Клинические и патофизиологические последствия высвобождения медиаторов тучных клеток

Источник: Veitch S., Radia D. H. Mastocytosis demystified //Hematology. – 2023. – Т. 2023. – №. 1. – С. 396-406.

Клиническая картина

Кожные формы

Кожные проявления мастоцитоза могут быть как изолированными, так и частью системного заболевания. У детей КМ чаще всего проявляется в первые два года жизни, при этом в 70% случаев до шести месяцев. Врожденные формы встречаются реже, составляя 18-31% случаев [21]. Заболевание обычно имеет доброкачественный характер и склонно к спонтанному регрессу: полное исчезновение высыпаний отмечается у 67% пациентов, в 27% случаев процесс стабилизируется. Симптоматика может усиливаться при физических нагрузках, изменении температуры или травматизации кожи [1].

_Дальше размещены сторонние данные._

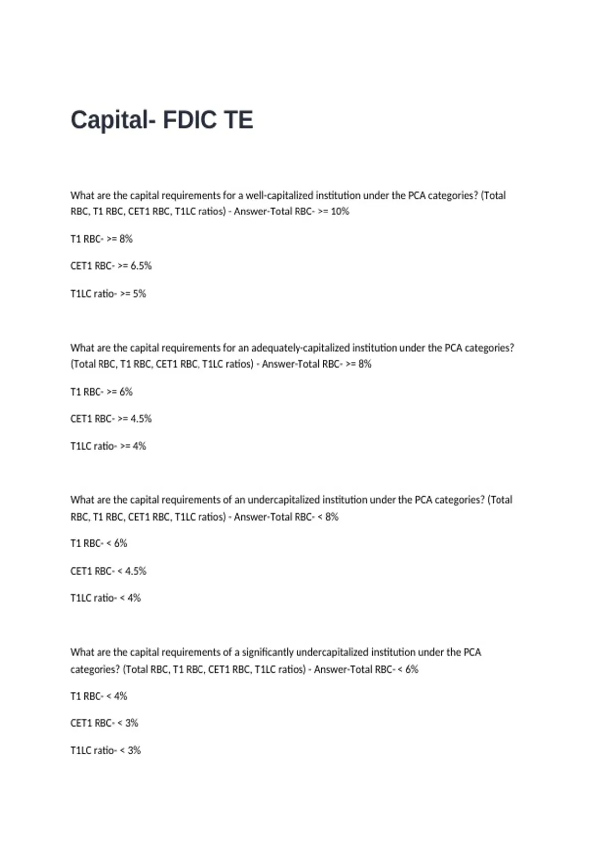 Capital- FDIC TE EXAM QUESTIONS AND ANSWERS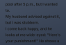 My husband advised against it, but I was stubborn. I come back happy, and he looks at me wide-eyed: “Here’s your punishment!” He shows a video on his phone: I’m swimming, and suddenly, something moves in the corner of the screen. The way his voice trembled slightly made me pause, but I still smiled, brushing it off—at least at first.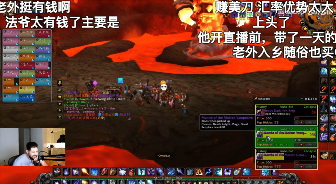 那天凌晨3点(北京时间),Ziqo为跟团里另一个法师竞价极品装备,直接杀红了眼。正好他之前带人升级挣了不少金币,这下真是“挣美元/欧元在中国花”了。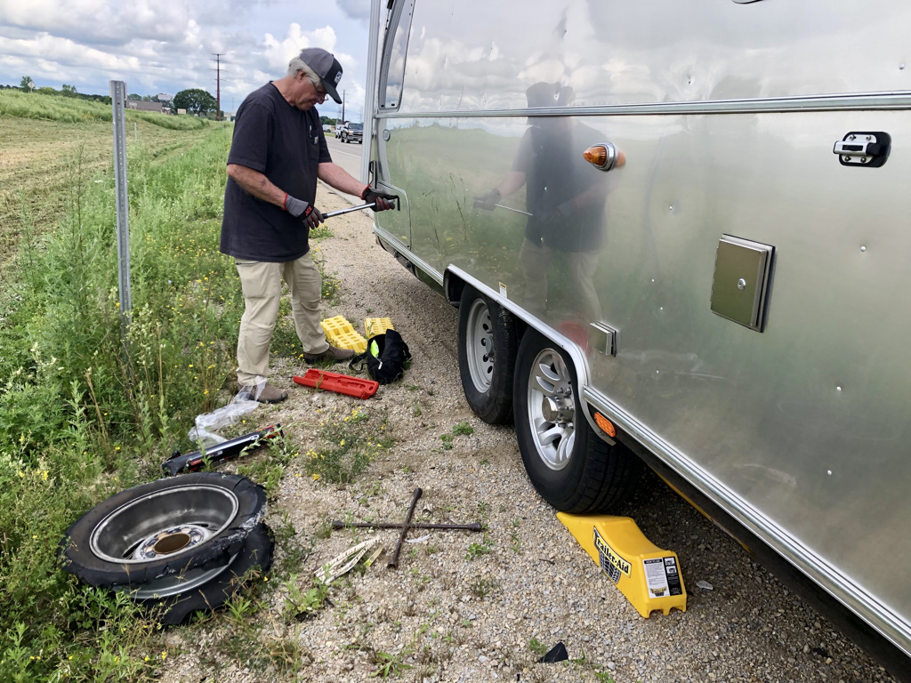 After assessing the ordeal, all was good. Will need to replace the banana wrap behind the wheel, but no body damage. Shout out to Rich Luhr and his handy dandy bag of goodies we purchased at a mid-winter IBT (Airstream event) years ago for tire changes. Along with the Trailer Aid (pictured) we purchased separately, the bag was put to use and we were on our way with a double-cocktail in our future. In checking the tires, production date was 1815 (manufactured the 18th week of 2015). Time for new shoes for the Silver Palace all around!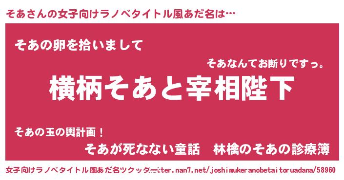 | 男性向けラノベタイトル風あだ名 | 『そあに滅ぼされるだけの簡単なお仕事です』 |
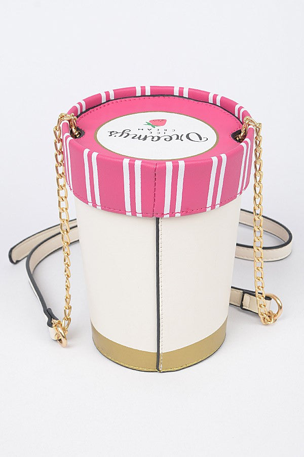 Turn heads with this Strawberry Ice Cream Pint Crossbody Bag — a sweet and playful accessory inspired by everyone’s favorite frozen treat! Shaped like a one-pint ice cream container, it features vibrant pink and white striped accents, "Dreamy’s Ice Cream" label, and a rich gold base for an extra touch of chic. With a mix of a gold chain and faux leather adjustable strap, it's as functional as it is fun.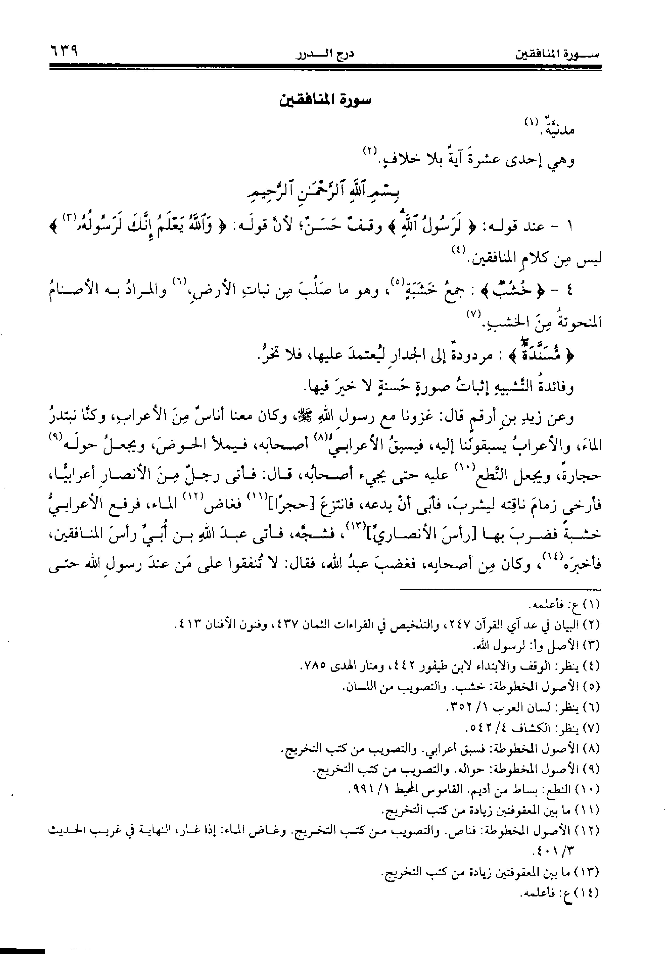وعن زيد بن أرقم قال: غزونا مع رسول الله صلّى الله عليه وسلّم، وكان معنا أناس من الأعراب، وكنّا نبتدر الماء، والأعراب يسبقوننا إليه، فيسبق الأعرابيّ (¬8) أصحابه، فيملأ الحوض، ويجعل حوله (¬9) حجارة، ويجعل النّطع (¬10) عليه حتى يجيء أصحابه، قال: فأتى رجل من الأنصار أعرابيّا، فأرخى زمام ناقته ليشرب، فأبى أن يدعه، فانتزع [حجرا] (¬11) فغاض (¬12) الماء، فرفع الأعرابيّ خشبة فضرب بها [رأس الأنصاريّ] (¬13)، فشجّه، فأتى عبد الله بن أبيّ رأس المنافقين، فأخبره (¬14)، وكان من أصحابه، فغضب عبد الله، فقال: لا تنفقوا على من عند رسول الله حتى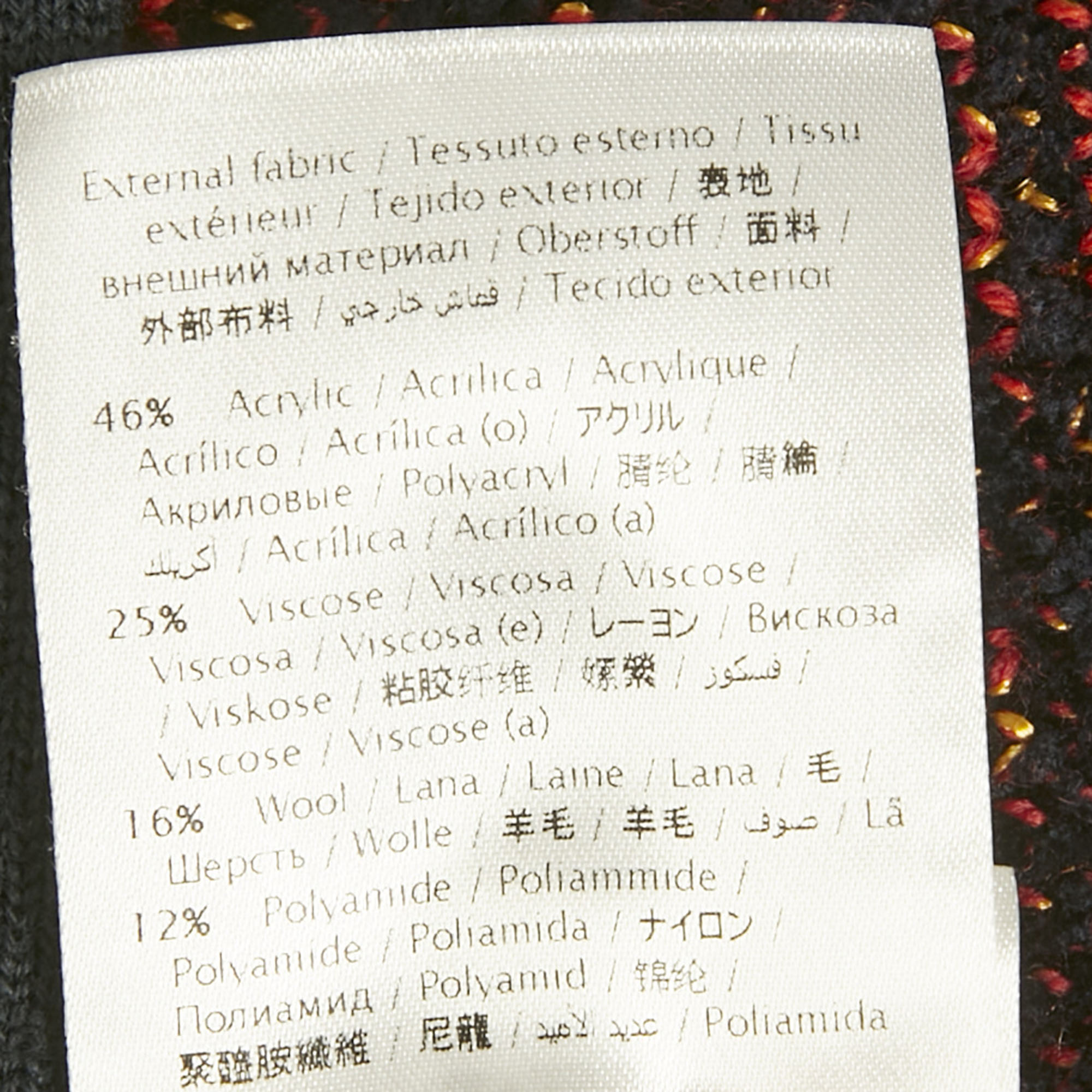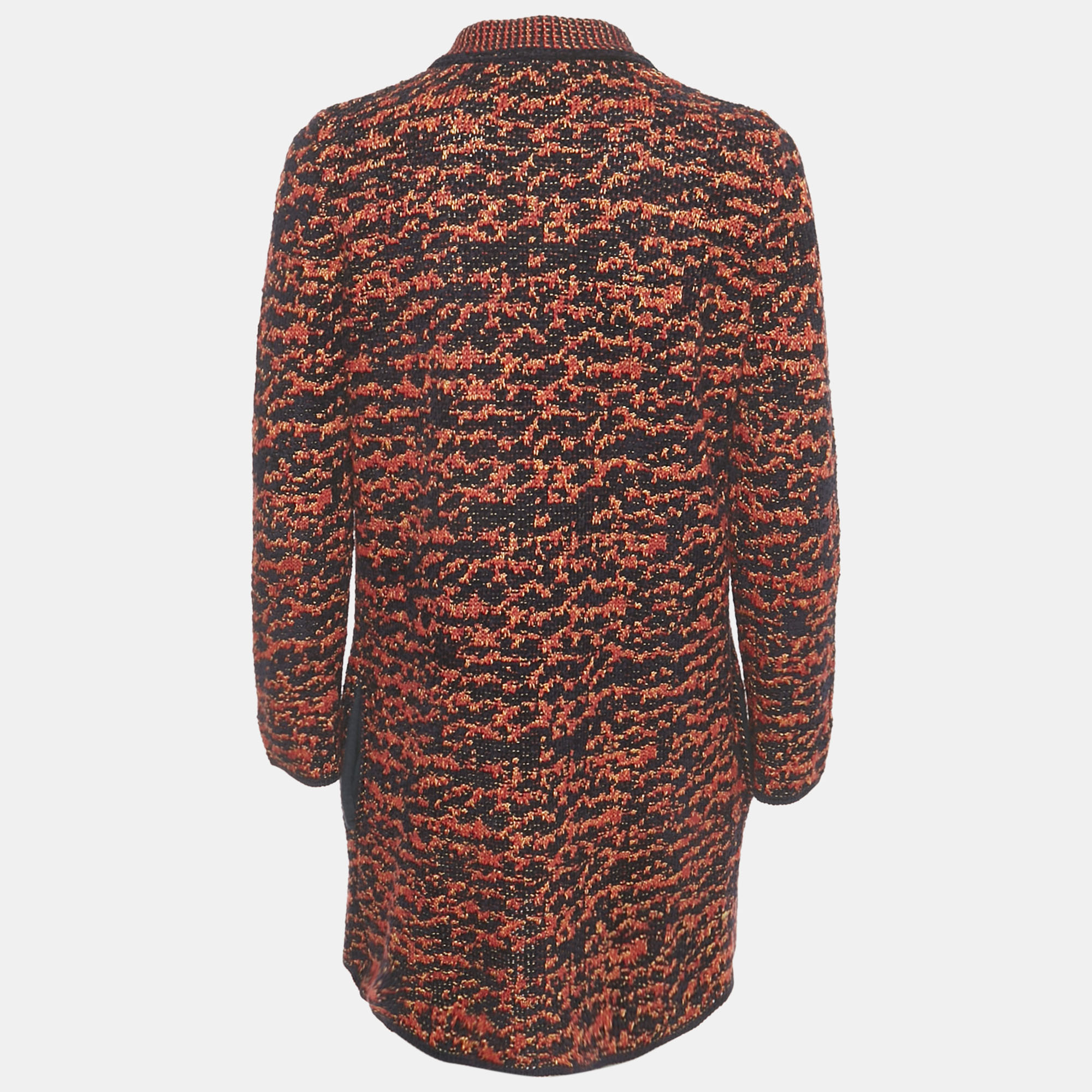 M Missoni’s coat pairs navy and red yarns in a textured knit. The longline cut and understated finish let the colourwork take focus. Signature patterning for effortless outerwear.

Пигментная крапивница – наиболее распространенная форма КМ. Высыпания представлены желтовато-коричневыми или коричневыми папулами, реже пятнами диаметром 1,0-2,5 см. У детей высыпания чаще всего появляются на туловище, избегая центральной части лица, волосистой части головы, ладоней и подошв. У взрослых элементы имеют меньший диаметр (до 0,5 см), сопровождаются гиперпигментацией, телеангиэктазиями и умеренным зудом. Почти в 100% случаев наблюдается положительный феномен Унны-Дарье – появление отечности и эритемы при механическом воздействии на очаг поражения [1].

Для ПК характерны стадии прогрессирования, стабилизации и регресса. У детей в прогрессирующей стадии часто присутствует экссудативный компонент, пузырные элементы могут появляться как на здоровой коже, так и на пятнах или папулах. Часто процесс стабилизируется в возрасте около 2-х лет. Регресс высыпаний нередко наблюдается к началу пубертата и сопровождается образованием стойких гиперпигментированных пятен, которые могут сливаться в диффузные очаги. Для взрослых пациентов характерно первичное возникновение таких гиперпигментированных пятен и папул, без предшествующих буллезных элементов [22].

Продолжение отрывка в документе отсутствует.